Она читает и пишет без очков, только немного отодвигает от себя книгу. Ест, говорит, мало, еще меньше спит; «проснусь – еще темно; лежу и думаю, думаю. Я живу в прошлом».
Мебель в «гостиной» жалкая: старый черно-кожаный диван и такое же кресло, два стула, кушетка старая, ломберный стол, правда, огарёвский, красного дерева, но крышка качается; полки для книг – на них книг нет, а лежат бумаги, ее рукописи, тетради детей; в углу небольшой старый парусиновый чемодан, запертый на ключ: там – реликвии: портреты, письма и пр. Этот чемоданчик – большая драгоценность.
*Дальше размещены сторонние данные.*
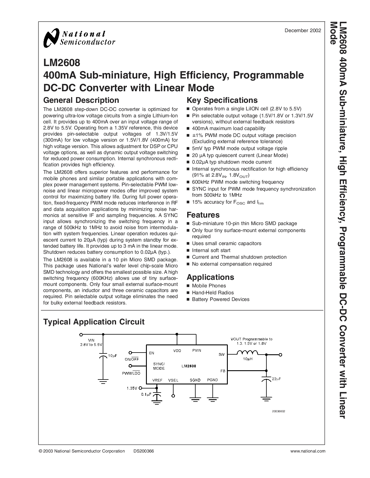 LM2608 400mA 超小型, 高 效率, 可编程 直流-直流 变频器 与 线性

В большой комнате – стол у окна, стулья, кровать и большой деревянный ящик, ширмы, за которыми спит младшая девочка, старшая спит в каморке рядом с гостиной. На окнах занавесок нет. Всюду беспорядок, грязь. А сама чистенькая и дети чисты.
Приняла она меня с видимым смущением; она годами не видела свежих людей, особенно из столицы. Очевидно для меня, на столе кипел самовар; она заварила чай, налила мне и придвинула сахарницу; я положил сахару и хлебнул – невыносимо пахло керосином. Тут же стояло в тарелке немного бисквита и лежал на блюдце кусочек лимона; чтобы заглушить запах керосина, я потянулся к лимону; она отрезала несколько кусочков и не вытерла ножа – он скоро покрылся черными пятнами. Понемногу разговорились; я просидел у нее в этот первый раз часов 6. Несколько раз спрашивал, не устала ли она, но она говорила, что нет и что она охотно рассказывает. Многие из ее рассказов я потом записал. Она сама говорит, что память ее ослабела. Притом, она – женщина, и с умом не широким. Ее рассказы – большею частью житейские происшествия, мелочи, и никогда не идут дальше общих наблюдений: «он был необыкновенно снисходителен ко всем», или «я не знаю более обаятельной улыбки и взгляда, чем у Тургенева» или «он (Тургенев) умел сидеть за столом несколько часов и буквально не замечать присутствия многих лиц; это было какое-то удивительное manque de savoir vivre (недостаток обходительности, вежливости)». Многое и я ей рассказывал; рассказал вкратце свою биографию. Вечером она показала мне много портретов (из чемоданчика). Притом она забывает, что она уже сама напечатала или Т Пассек с ее слов, и рассказывает это, а я все это до мелочей знаю.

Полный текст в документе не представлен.